##### Provided entries

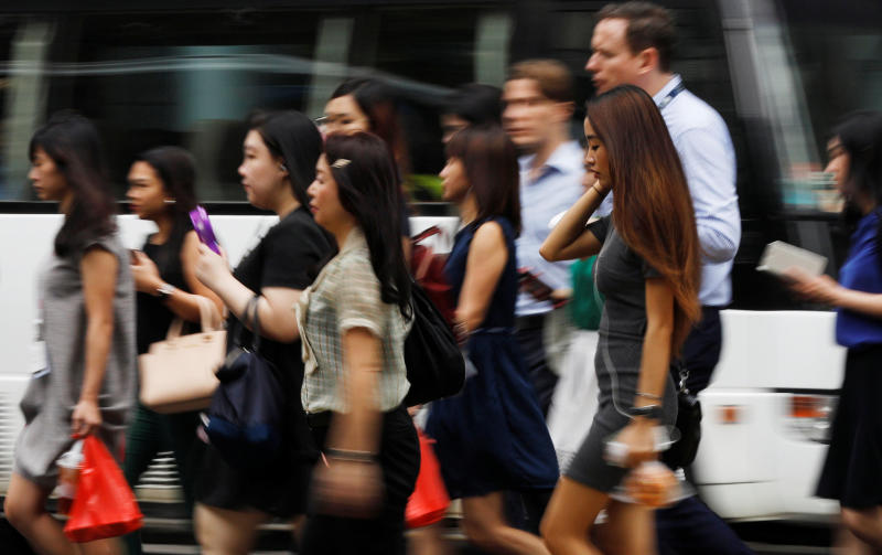 Office workers cross a street in Singapore's central business district on April 27.
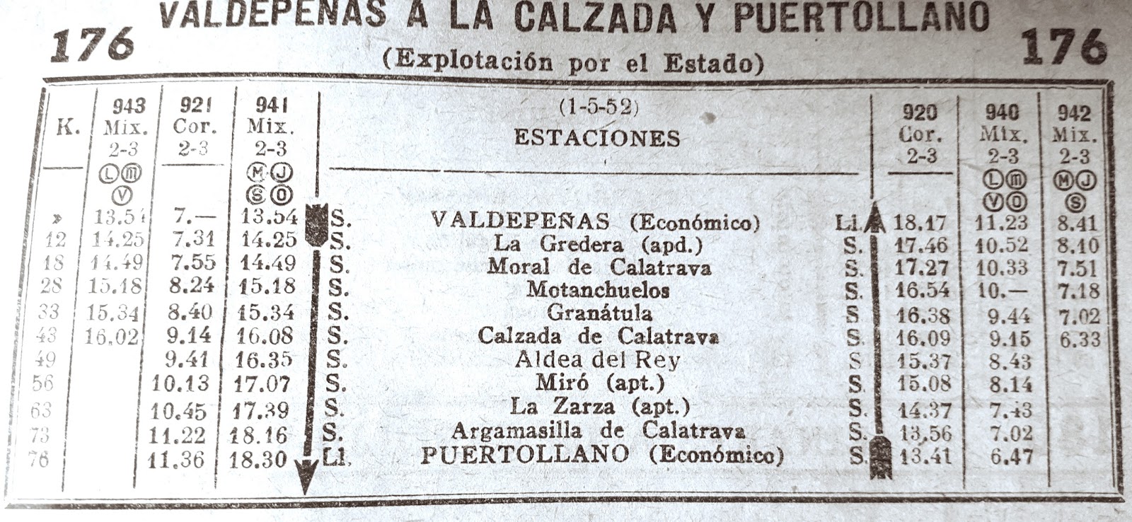 Así mismo, también llegó un tractor diesel procedente de aquella misma línea y algunos otros coches de viajeros. Por lo que respecta al tractor era -y parece que sigue siendo- una muestra muy interesante ya que, fabricado por la Metalúrgica San Martín en 1935, fue el primer vehículo de este tipo construido en España y también el primero que tuvo EFE. No parece que se adaptó mucho a la línea -sólo era conveniente su circulación entre Valdepeñas y Calzada por las mayores curvas desde ahí hasta Puertollano- y al cierre de la misma fue llevado a trabajar en el levante de la línea de Sant Feliú de Guixols a Girona.
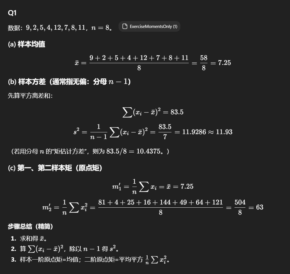 - 期望(E(X)):全称为 Expectation,是随机变量取值的加权平均,权重为对应取值的概率(或概率密度),反映随机变量取值的 “中心趋势”,即 1 阶矩。
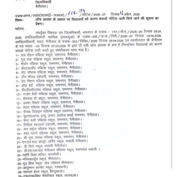 नैनीताल: 34 स्कूलों को कारण बताओ नोटिस, रामनगर, भवाली, भीमताल और लालकुआ के विद्यालयों से मांगा गया स्पष्टीकरण
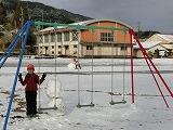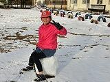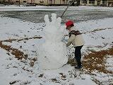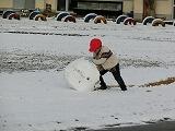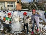 ※ 昨日作った雪だるまが、運動場に頑張って残っています。
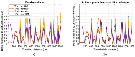 Ratio of horizontal and vertical tire forces (exploitation of friction force potential) for the scenario with max. acceleration of 0.7 g for (a) the passive vehicle and (b) the active suspension with predictive curve tilt and helicopter.
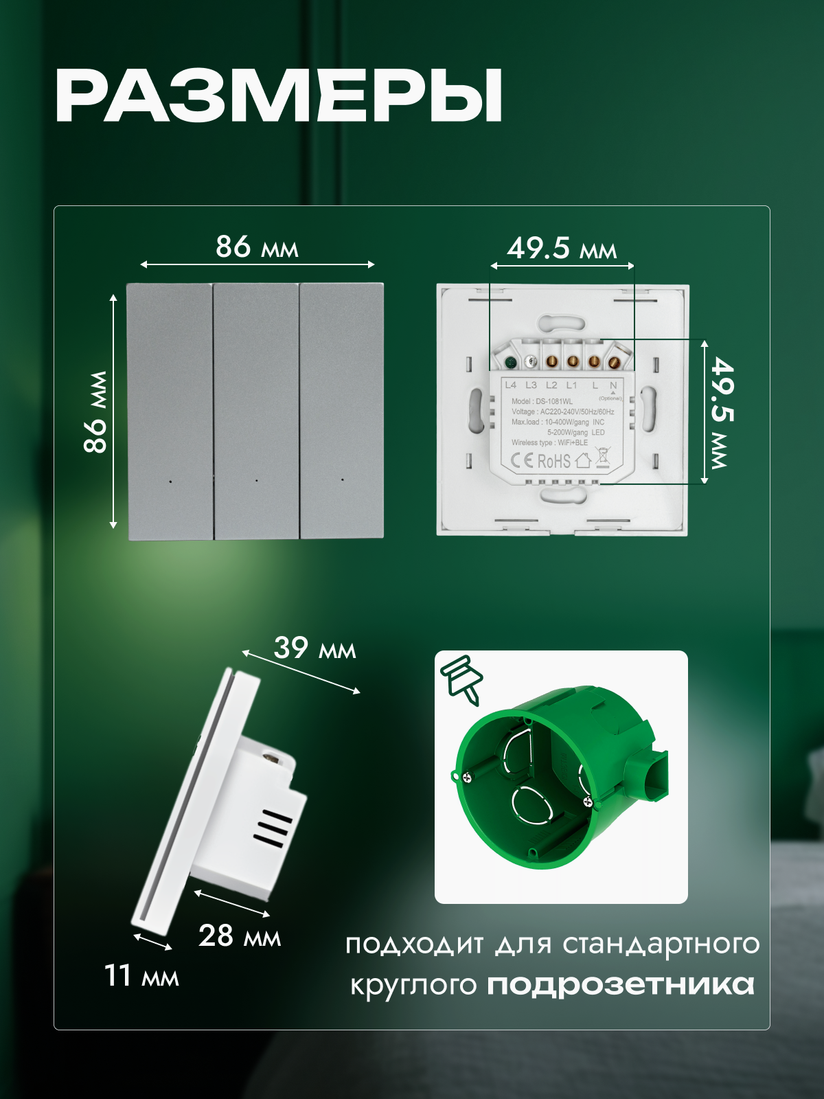 Отзывы на Умный выключатель трехклавишный серый Wi-Fi + Bluetooth, универсальный (конденсатор в комплекте)
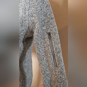 This warm Patagonia quarter-zip combines a sweater-knit aesthetic with the easy care of Better Sweater fleece. It comes in a slim fit. A zippered sleeve pocket keeps essentials handy.
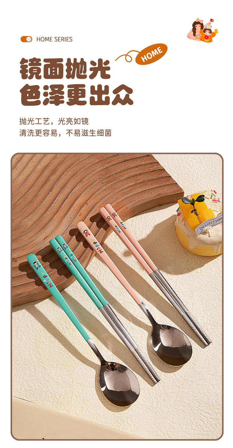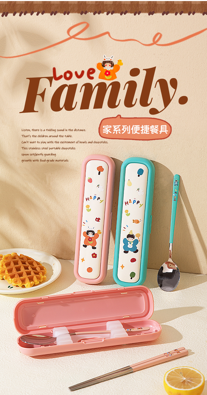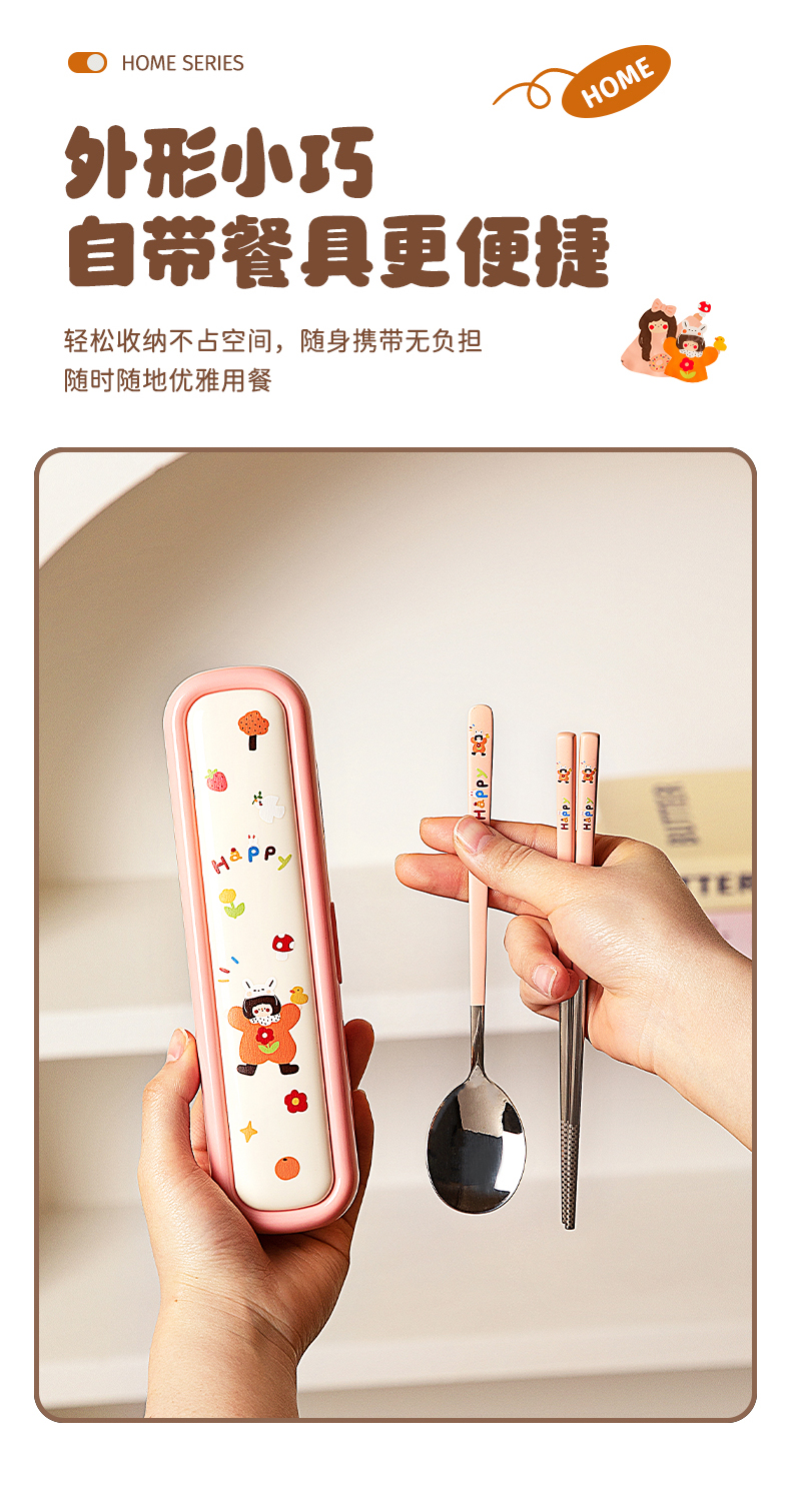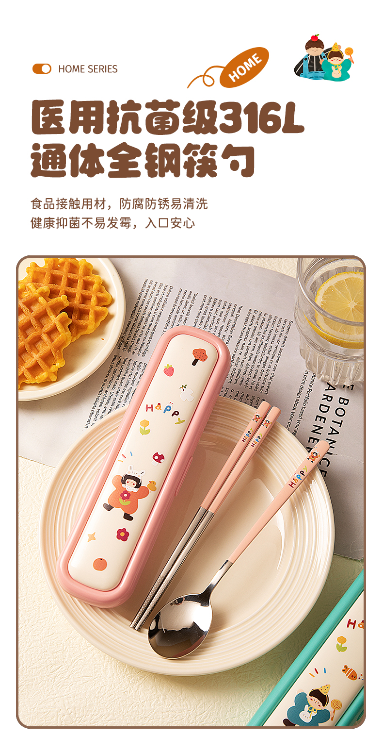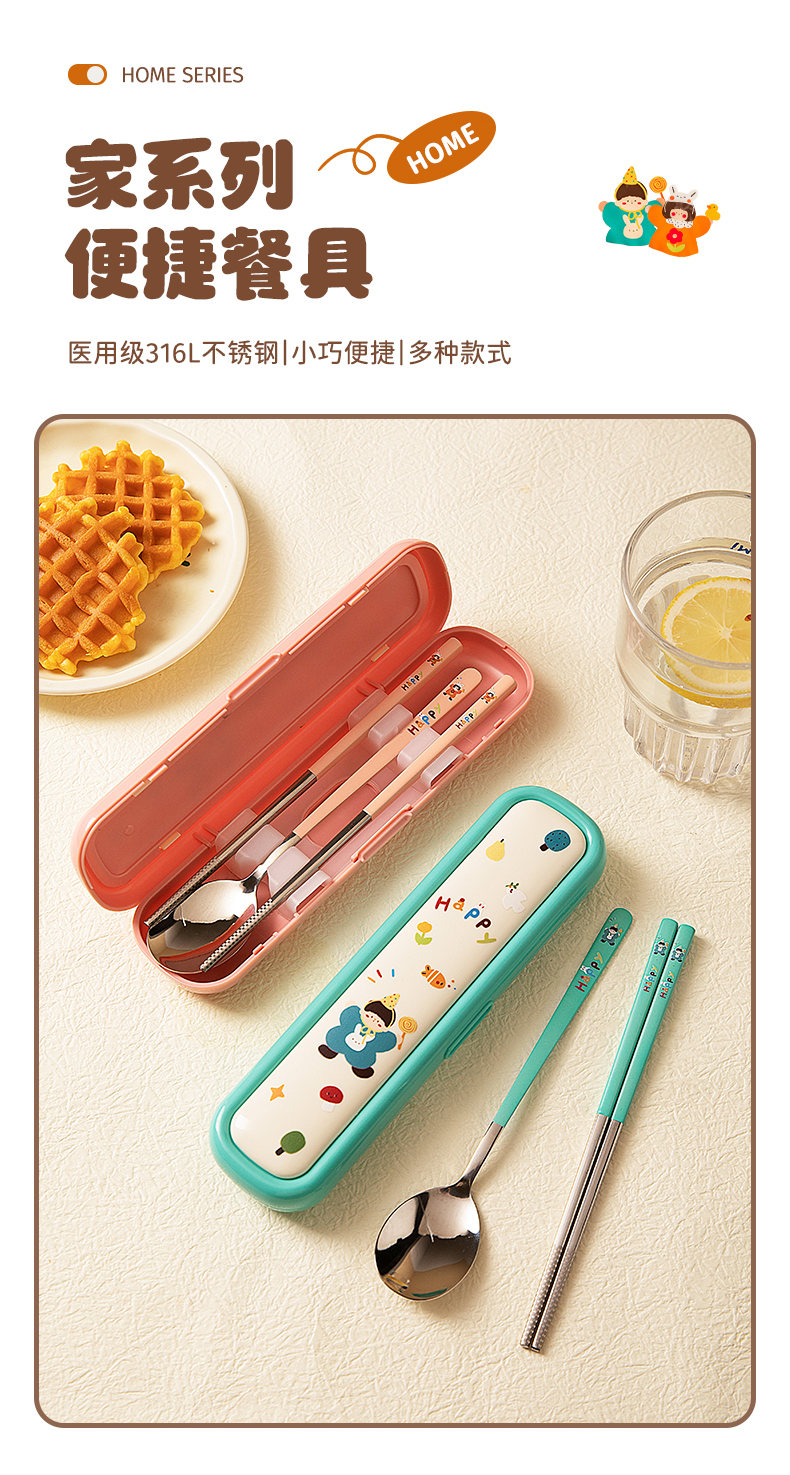 摩登主妇316L筷子勺子套装便捷餐具小学生一人专用外出携带收纳盒

##########

▶ **Exercise brief**:
What you return must match the material above exactly, apart from its pictures.

▶ **Output below**:
 Office workers cross a street in Singapore's central business district on April 27.
 Así mismo, también llegó un tractor diesel procedente de aquella misma línea y algunos otros coches de viajeros. Por lo que respecta al tractor era -y parece que sigue siendo- una muestra muy interesante ya que, fabricado por la Metalúrgica San Martín en 1935, fue el primer vehículo de este tipo construido en España y también el primero que tuvo EFE. No parece que se adaptó mucho a la línea -sólo era conveniente su circulación entre Valdepeñas y Calzada por las mayores curvas desde ahí hasta Puertollano- y al cierre de la misma fue llevado a trabajar en el levante de la línea de Sant Feliú de Guixols a Girona.
 - 期望(E(X)):全称为 Expectation,是随机变量取值的加权平均,权重为对应取值的概率(或概率密度),反映随机变量取值的 “中心趋势”,即 1 阶矩。
 नैनीताल: 34 स्कूलों को कारण बताओ नोटिस, रामनगर, भवाली, भीमताल और लालकुआ के विद्यालयों से मांगा गया स्पष्टीकरण
 ※ 昨日作った雪だるまが、運動場に頑張って残っています。
 Ratio of horizontal and vertical tire forces (exploitation of friction force potential) for the scenario with max. acceleration of 0.7 g for (a) the passive vehicle and (b) the active suspension with predictive curve tilt and helicopter.
 Отзывы на Умный выключатель трехклавишный серый Wi-Fi + Bluetooth, универсальный (конденсатор в комплекте)
 This warm Patagonia quarter-zip combines a sweater-knit aesthetic with the easy care of Better Sweater fleece. It comes in a slim fit. A zippered sleeve pocket keeps essentials handy.
 摩登主妇316L筷子勺子套装便捷餐具小学生一人专用外出携带收纳盒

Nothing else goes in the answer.